### PROVIDED ENTRIES
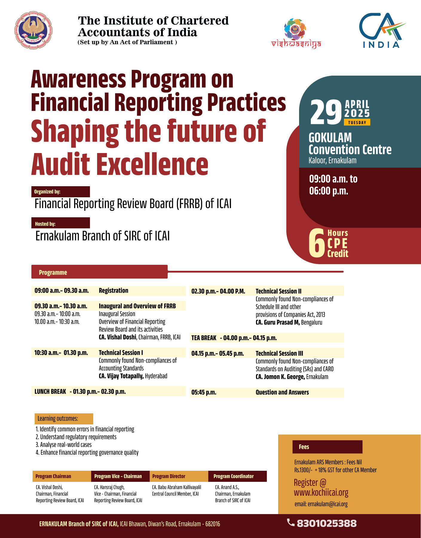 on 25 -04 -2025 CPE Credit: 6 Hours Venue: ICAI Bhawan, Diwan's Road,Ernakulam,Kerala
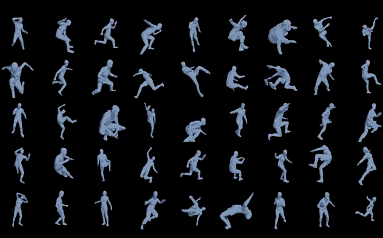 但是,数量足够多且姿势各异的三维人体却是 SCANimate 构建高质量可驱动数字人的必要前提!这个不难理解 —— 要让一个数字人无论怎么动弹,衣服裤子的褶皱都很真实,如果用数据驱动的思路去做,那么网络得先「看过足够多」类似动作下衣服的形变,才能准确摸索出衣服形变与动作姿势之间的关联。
...
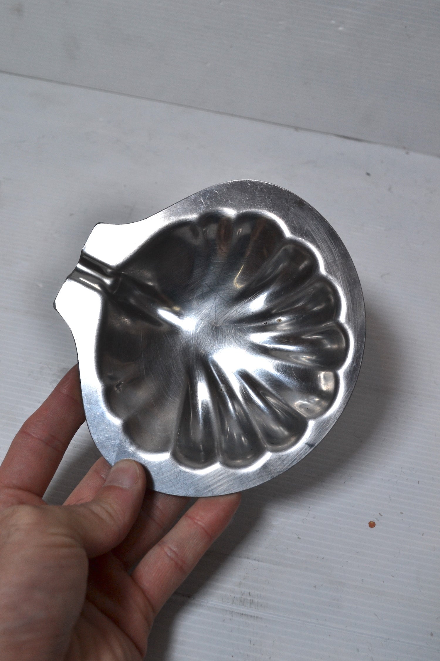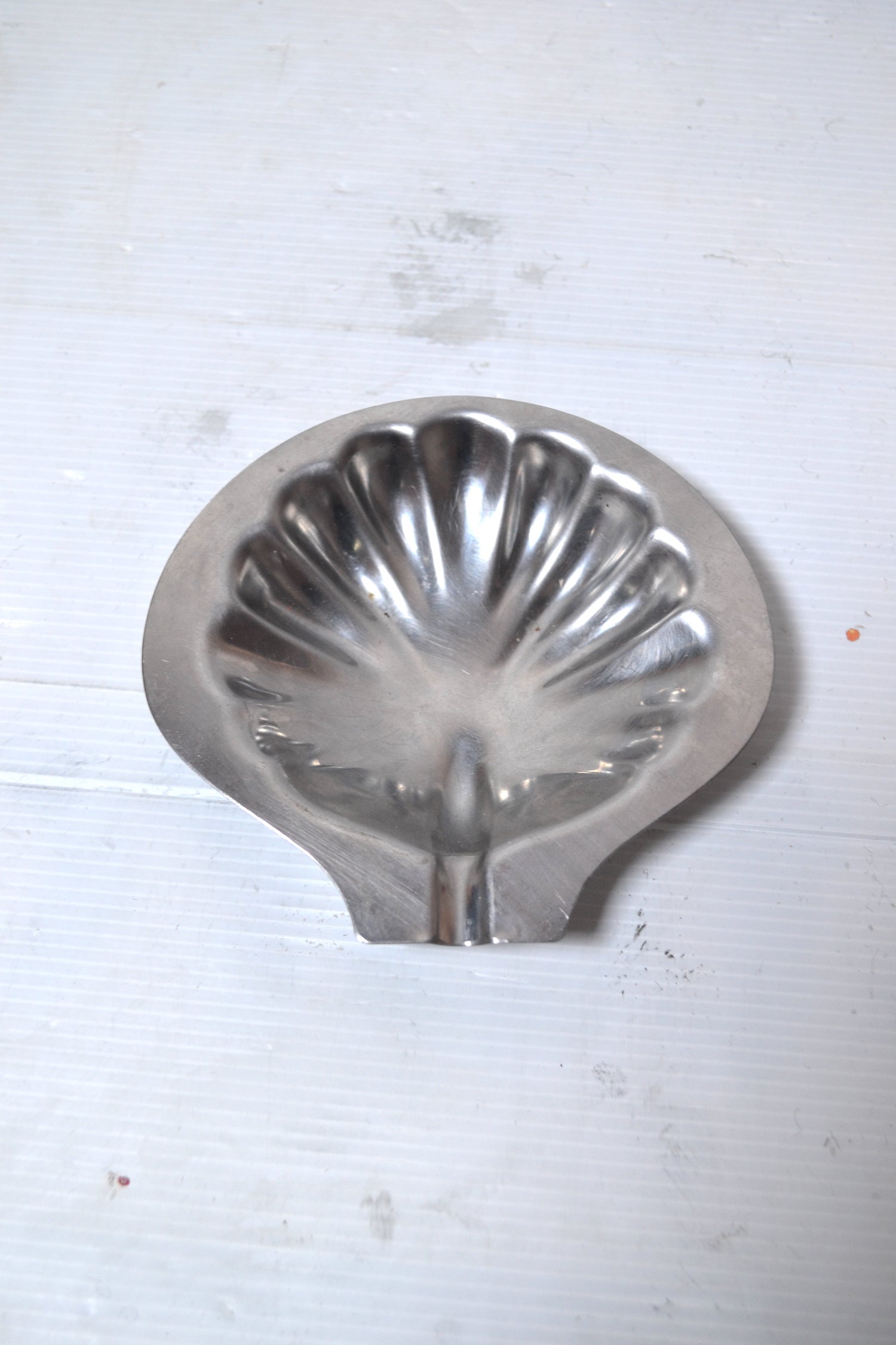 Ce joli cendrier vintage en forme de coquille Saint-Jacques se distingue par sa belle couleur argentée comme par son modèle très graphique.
==
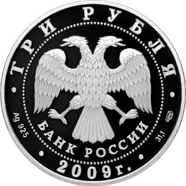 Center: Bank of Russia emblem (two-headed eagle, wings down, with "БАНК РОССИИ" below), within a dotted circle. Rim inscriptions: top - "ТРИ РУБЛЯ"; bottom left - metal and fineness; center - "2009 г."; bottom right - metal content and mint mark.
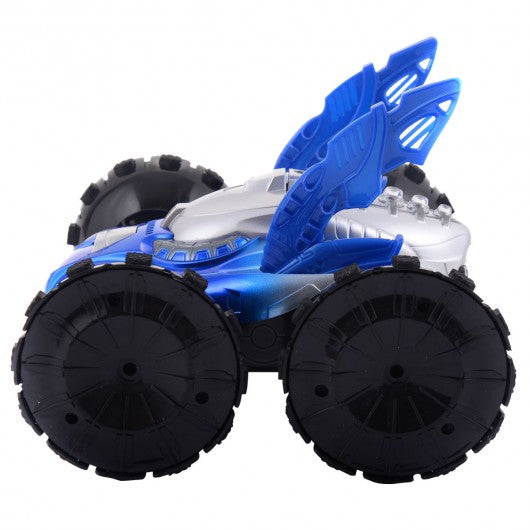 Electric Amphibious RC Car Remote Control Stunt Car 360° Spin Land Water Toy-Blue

### EXERCISE PROMPT
Nothing but the lines from the one with "on 25 -04 -2025" to the one with "但是,数量足够多且姿势各异的三维人体却是 SCANimate 构建高质量可驱动数字人的必要前提!这个不难理解" above, both included, should be transcribed, exactly and without pictures.

### TASK SOLUTION
 on 25 -04 -2025 CPE Credit: 6 Hours Venue: ICAI Bhawan, Diwan's Road,Ernakulam,Kerala
 但是,数量足够多且姿势各异的三维人体却是 SCANimate 构建高质量可驱动数字人的必要前提!这个不难理解 —— 要让一个数字人无论怎么动弹,衣服裤子的褶皱都很真实,如果用数据驱动的思路去做,那么网络得先「看过足够多」类似动作下衣服的形变,才能准确摸索出衣服形变与动作姿势之间的关联。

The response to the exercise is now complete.